Source records Start Marker

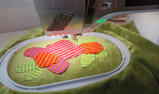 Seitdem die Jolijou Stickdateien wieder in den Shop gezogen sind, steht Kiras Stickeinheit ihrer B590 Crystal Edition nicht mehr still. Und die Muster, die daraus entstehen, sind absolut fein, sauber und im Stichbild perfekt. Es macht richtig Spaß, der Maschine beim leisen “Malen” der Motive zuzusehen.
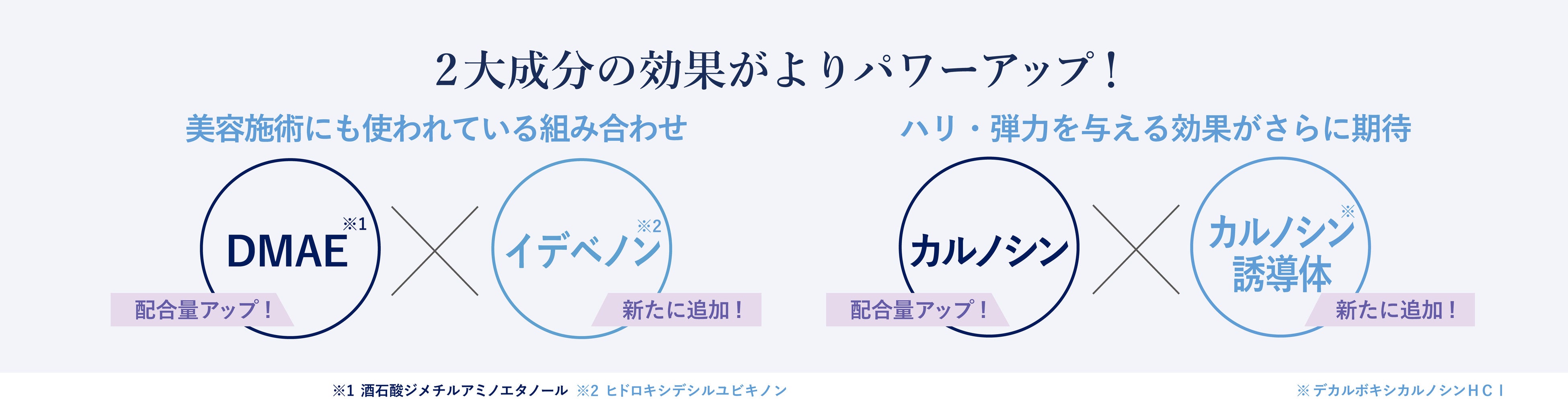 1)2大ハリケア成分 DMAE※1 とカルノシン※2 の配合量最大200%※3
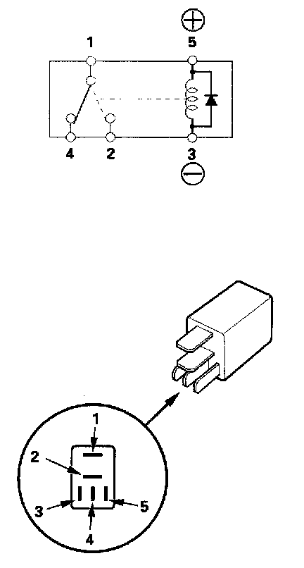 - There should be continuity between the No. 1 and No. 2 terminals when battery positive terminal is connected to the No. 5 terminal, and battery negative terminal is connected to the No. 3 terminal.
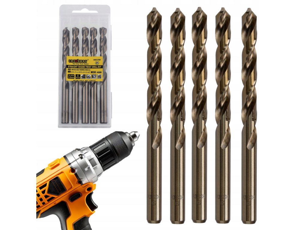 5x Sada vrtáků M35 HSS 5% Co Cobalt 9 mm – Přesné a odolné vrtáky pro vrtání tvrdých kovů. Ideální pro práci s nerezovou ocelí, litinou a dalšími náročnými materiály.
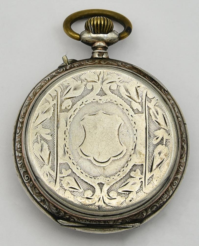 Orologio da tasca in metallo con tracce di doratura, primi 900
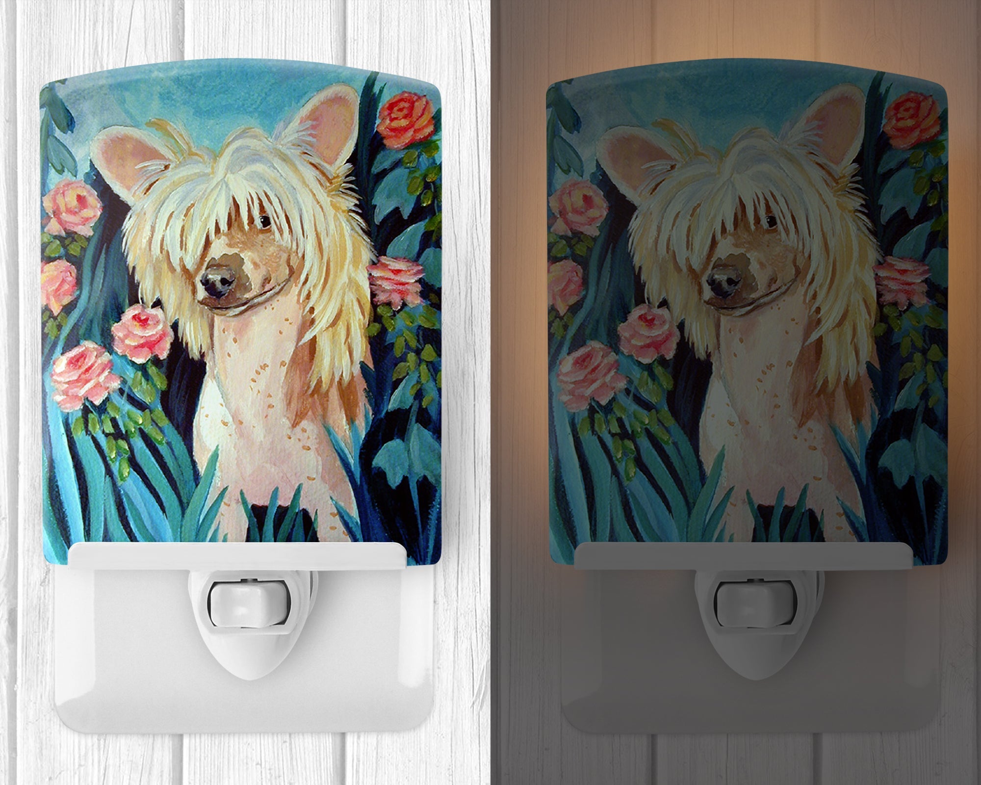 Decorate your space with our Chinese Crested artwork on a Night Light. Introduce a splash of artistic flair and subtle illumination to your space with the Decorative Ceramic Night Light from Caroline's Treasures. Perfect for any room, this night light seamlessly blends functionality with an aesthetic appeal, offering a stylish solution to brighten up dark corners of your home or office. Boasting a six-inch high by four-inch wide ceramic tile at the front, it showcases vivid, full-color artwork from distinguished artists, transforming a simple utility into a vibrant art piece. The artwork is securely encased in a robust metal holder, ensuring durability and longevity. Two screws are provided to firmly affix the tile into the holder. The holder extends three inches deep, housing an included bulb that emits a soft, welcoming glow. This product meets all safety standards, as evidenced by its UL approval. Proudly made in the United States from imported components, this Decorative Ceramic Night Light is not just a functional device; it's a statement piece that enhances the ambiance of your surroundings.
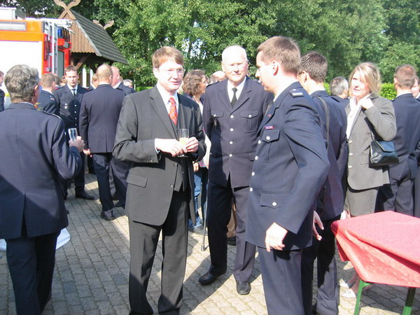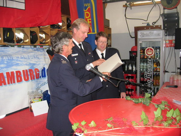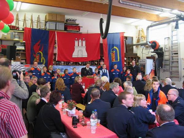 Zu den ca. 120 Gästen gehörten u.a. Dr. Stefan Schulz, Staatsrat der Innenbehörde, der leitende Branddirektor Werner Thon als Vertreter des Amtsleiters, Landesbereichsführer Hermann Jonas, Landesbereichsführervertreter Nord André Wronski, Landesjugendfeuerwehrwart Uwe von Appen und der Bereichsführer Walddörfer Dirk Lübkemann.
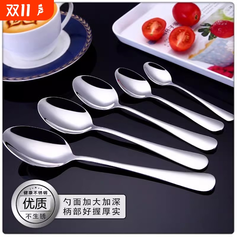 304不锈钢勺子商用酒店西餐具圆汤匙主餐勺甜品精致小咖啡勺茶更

Source records End Marker

All that is wanted is each line, word for word, from the first line of the data to the one holding "Decorate your space", with the pictures left out.

▸ Task output
 Seitdem die Jolijou Stickdateien wieder in den Shop gezogen sind, steht Kiras Stickeinheit ihrer B590 Crystal Edition nicht mehr still. Und die Muster, die daraus entstehen, sind absolut fein, sauber und im Stichbild perfekt. Es macht richtig Spaß, der Maschine beim leisen “Malen” der Motive zuzusehen.
 1)2大ハリケア成分 DMAE※1 とカルノシン※2 の配合量最大200%※3
 - There should be continuity between the No. 1 and No. 2 terminals when battery positive terminal is connected to the No. 5 terminal, and battery negative terminal is connected to the No. 3 terminal.
 5x Sada vrtáků M35 HSS 5% Co Cobalt 9 mm – Přesné a odolné vrtáky pro vrtání tvrdých kovů. Ideální pro práci s nerezovou ocelí, litinou a dalšími náročnými materiály.
 Orologio da tasca in metallo con tracce di doratura, primi 900
 Decorate your space with our Chinese Crested artwork on a Night Light. Introduce a splash of artistic flair and subtle illumination to your space with the Decorative Ceramic Night Light from Caroline's Treasures. Perfect for any room, this night light seamlessly blends functionality with an aesthetic appeal, offering a stylish solution to brighten up dark corners of your home or office. Boasting a six-inch high by four-inch wide ceramic tile at the front, it showcases vivid, full-color artwork from distinguished artists, transforming a simple utility into a vibrant art piece. The artwork is securely encased in a robust metal holder, ensuring durability and longevity. Two screws are provided to firmly affix the tile into the holder. The holder extends three inches deep, housing an included bulb that emits a soft, welcoming glow. This product meets all safety standards, as evidenced by its UL approval. Proudly made in the United States from imported components, this Decorative Ceramic Night Light is not just a functional device; it's a statement piece that enhances the ambiance of your surroundings.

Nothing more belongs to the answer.